And in terms of hunting, I believe hunting for fun is just pure evil and sickly, even against nature. When I hunt, I kill from hunger ( Gungy Wamp is huge, so being a few miles back into the forest is not worth leaving to go home and make a sandwhich), the true reason to hunt. And I strongly believe in utilizing every bit of the animal (bones for tools, intestines to dry and twist into cordage, sinew for cordage, stomach for container.....ect ect......) I used to hunt for fun about 3 years ago, but for about 3 years up today Iv'e changed my ways.

----------


## Manio

No, no no. I wouldn't want to kill an animal for fun that's just disgusting.
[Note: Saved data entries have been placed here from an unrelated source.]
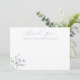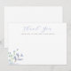 Una bonita tarjeta plana de agradecimiento floral azul claro de la futura Sra. después de un desayuno nupcial.
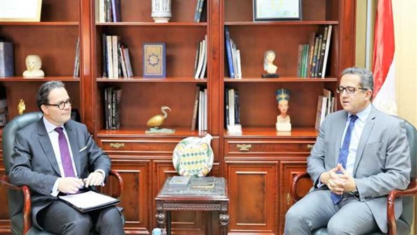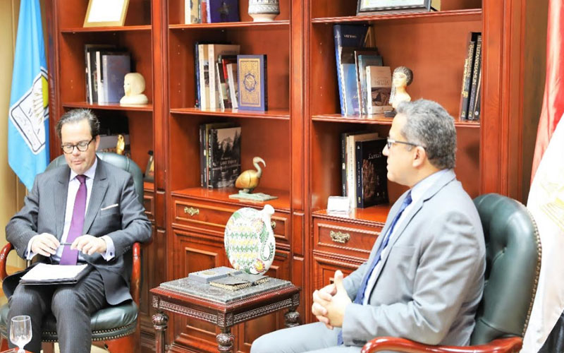 استقبل الدكتور خالد العناني وزير الآثار بمكتبة بمقر الوزارة بالزمالك، السفير ستيفان روماتيه سفير فرنسا بالقاهرة لمناقشة سبل التعاون بين البلدين في مجال العمل الأثري.
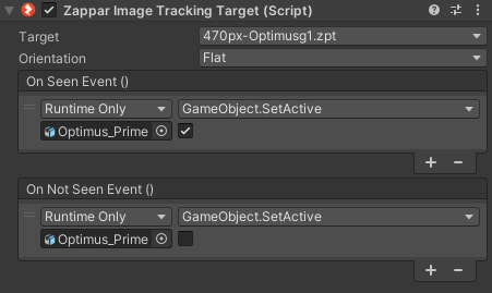 Then, I went through the same process as I did for my Sea Shack AR projects for my Optimus Prime AR Model, adding On Seen and On Not Seen events, and giving them Set Active Booleans where I ticked the model on the On Seen and unticked the model on the On Not Seen event.

I was just saying, grab alot of sticks, and throw them because I think the chance of actually killing your prey is slim.

----------


## Cleankill47

A really good throwing stick can be made with the base of an Ash, ironwood, oak, or hickory sapling with the rootball still on, and the bark scraped off and sanded for a smooth release.

----------


## canid

i use various types of rabbit stick, and practice with them often for fun. you ought to be able to hit a mark out to 60 ft, and you ought to be able to get to within 60-30 ft of hare, pheasant, grouse, even turkey.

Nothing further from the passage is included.